NErler / JointAI

Joint Analysis and Imputation of generalized linear models and linear mixed models with missing values
https://nerler.github.io/JointAI
28 stars 4 forks source link

Impute specific values? #7

Closed harryparr closed 2 years ago

harryparr commented 2 years ago

Dear Dr. Erler,

Many thanks for this terrific package.

I wonder if it's possible to impute specific values? For example, a coxph_imp class that has some missing independent covariate ordered categories clmm with 4 ordered levels but I'd only want the second & third levels to be imputed, not to impute the reference or the fourth level. Can this be done in the get_MIdat or is it within the _imp function?

Many thanks, Harry

NErler commented 2 years ago

Dear Harry,

thank you for your comment and nice feedback.

By default, JointAI works under the assumption of MAR, i.e., that the missing values come from the same distribution as the observed values, conditional on the other data. The case where the missing observations can only take a subset of the categories in the observed data would likely be MNAR, which requires some additional specifications.

In the case you describe, you could try a pattern mixture model approach by editing the JAGS model JointAI created.

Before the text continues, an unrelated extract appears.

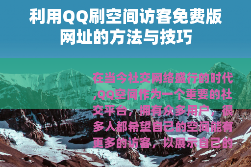 在当今社交网络盛行的时代,QQ空间作为一个重要的社交平台,拥有众多用户,很多人都希望自己的空间能有更多的访客,以展示自己的生活点滴和个性风采,而QQ刷空间访客免费版网址便应运而生,为用户提供了一种增加访客量的途径。

This is technically possible with JointAI, but you will introduce additional assumptions by fixing the parameter values.

The easiest way would probably be to include a missingness indicator for the incomplete ordinal variable as an auxiliary variable (argument auxvars) and to specify that this indicator has a non-proportional effect on the ordinal covariate (argument nonprop).

Here is a simplified example (you need to work with the GitHub version of JointAI - I just discovered and fixed a bug in the nonprop argument):

library("JointAI")

# create some extra missing values for this example
wideDF$O2[sample(1:nrow(wideDF), size = 30)] <- NA

# create the missing data indicator
wideDF$O2NA <- is.na(wideDF$O2)

# set-up run without iterations to get the JAGS model
mod0 <- lm_imp(y ~ C1 + B1 + O2, data = wideDF,
               auxvars = ~O2NA, nonprop = list(O2 = ~ O2NA),
               modelname = "mymodel.R", modeldir = getwd(),
               keep_model = TRUE,
               n.adapt = 0)

The JAGS model has then been saved as "mymodel.R" which you can edit. Rows 29 - 31 in this example are

    eta_O2_1[i] <- M_lvlone[i, 9] * alpha[3]
    eta_O2_2[i] <- M_lvlone[i, 9] * alpha[4]
    eta_O2_3[i] <- M_lvlone[i, 9] * alpha[5]

This can be changed to

    eta_O2_1[i] <- M_lvlone[i, 9] * 10
    eta_O2_2[i] <- M_lvlone[i, 9] * 0
    eta_O2_3[i] <- M_lvlone[i, 9] * (-10)

The values 10 and -10 are arbitrary and just chosen to be extreme enough to make categories 1 and 4 sufficiently unlikely. When you then save the file as "mymodel_edited.R" you can then run the model as

mod <- lm_imp(y ~ C1 + B1 + O2, data = wideDF,
              auxvars = ~O2NA, nonprop = list(O2 = ~ O2NA),
              monitor_params = c(imps = TRUE, other_models = TRUE),
              modelname = "mymodel_edited.R", modeldir = getwd(),
              overwrite = FALSE,
              n.iter = 500)

All imputed values are now in categories 2 and 3:

imp <- get_MIdat(mod, m = 30, include = FALSE)
table(category = imp$O2, missing = imp$O2NA)
        missing
category FALSE TRUE
       1   480    0
       2   360  394
       3   630  566
       4   570    0

I hope this helps. Keep in mind that this is just a technical solution. I haven't thought through the theoretical implications of this.

Best, Nicole